Why Donald Trump and Jussie Smollett were not 'exonerated,' according to legal experts
While the two cases are completely different, the criminal case involving actor Jussie Smollett and the summary of the Mueller report into Russian interference in the 2016 presidential election have raised questions about the definition of the term "exoneration."
Prosecutors announced Tuesday that they dropped all charges against the "Empire" actor despite alleging that Smollett fabricated a street attack on himself, Cook County First Assistant State Attorney Joe Magats said in an interview with ABC Chicago station WLS.
Smollett said after the hearing on Tuesday that he has been "truthful and consistent" throughout the ordeal.
Between the actor’s claim and the dropped charges, Magats addressed the confusion, making it clear during the interview with WLS that "this was not an exoneration."
This new informal use of the word 'exonerated' actually means something different. From a lay person's standpoint, in their minds, they've been cleared, but there's no evidence that they're innocent
Meanwhile, President Donald Trump said Attorney General Bill Barr's summary of Robert Mueller's report, which was released this weekend, was a "complete and total exoneration" of himself, despite that Mueller wrote his report "does not exonerate [Trump]."
"The traditional sense of exonerations was that one had gone through the full criminal justice process, had been convicted, and then evidence was found later to say it was a baseless charge and the person who had been convicted and incarcerated was then set free," Gloria Browne-Marshall, a professor of constitutional law at John Jay College, told ABC News.
In both the Smollett and Trump situations, Browne-Marshall said, the term is being used in a more colloquial way.
"This new informal use of the word 'exonerated' actually means something different. From a lay person's standpoint, in their minds, they've been cleared," Browne-Marshall said. But, she added, there is no ironclad proof of innocence either.
Most news stories that involve exonerations typically refer to cases where a criminal decision is overturned, where -- after, in some cases, decades -- new evidence proves that a person who was found guilty and jailed was actually innocent and, therefore, is being exonerated of the charges against them.
Michael Semanchik, managing attorney at the California Innocence Project, is familiar with such cases, having reviewed hundreds of wrongful conviction claims.
He said that in those cases, "exoneration" means a situation "where somebody's been convicted of a crime, they go to prison, and we get the conviction not only reversed, but charges dismissed," he told ABC News.
"What a lot of people don't know," Semanchik said, "is even when you get a conviction reversed, the charges aren't dismissed: It's a reset back to the day the prosecution filed a complaint against the defendant, and so, for our purposes, an exoneration is when those charges would be dismissed."
Since Trump never had any charges filed against him and Smollett did not go through the full criminal justice process -- including a trial where one conviction is initially rendered and then overturned, vacated -- their situations don't fit the traditional definition of "exonerated."
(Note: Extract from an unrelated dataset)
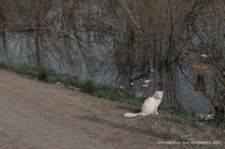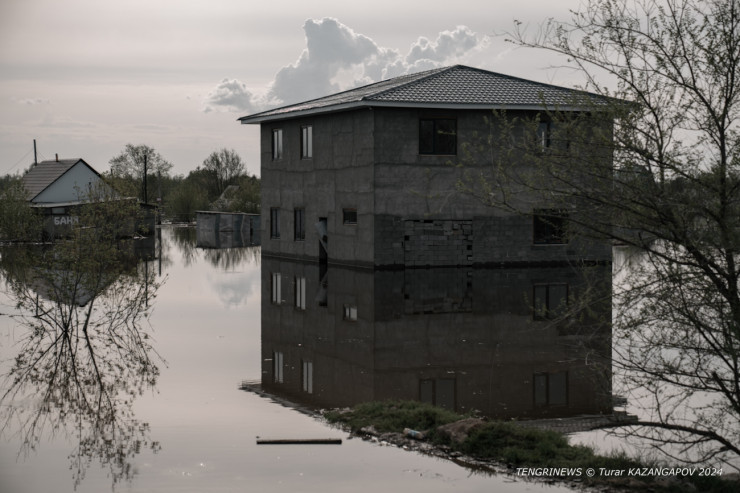 Теперь он наблюдает за строением с насыпи, которая не смогла защитить дом от большой воды. Нурсултан попросил сделать фото дома поближе, чтобы оценить масштабы ущерба.

And in Trump's case, his claim of a "complete and total exoneration," comes in direct contrast to the report summary itself. The report, according to Barr's summary, concluded neither Trump nor his campaign colluded with Russia to interfere with the 2016 election, but it didn't reach a conclusion on claims of potential obstruction of justice.
"While this report does not conclude that the President committed a crime, it also does not exonerate him," Mueller wrote, as quoted by Barr.
While this report does not conclude that the President committed a crime, it also does not exonerate him.
Browne-Marshall thinks Trump's use of the word in the face of Mueller's quote shows that "there continues to be an element of braggadocio mixed with outright storytelling when it comes to Donald Trump."
As for the Smollett case, Semanchik also notes how it differs from many exoneration cases he's handled because -- while the charges were dismissed -- the actor forfeited his $10,000 bond and did two days of community service.
"That's a very strange situation," Semanchik said.
He said that since the actor had to pay and do community service it suggests that "there's possibly some wrongdoing on his part," though Smollett proclaimed that he is innocent, and prosecutors did not present this as a deal of any kind.
"In our cases, typically the charges are dismissed and the client isn't asked to do anything because they didn't do anything in the first place," Semanchik said. "They've done nothing wrong, and so the charges are dismissed without anything on the other side."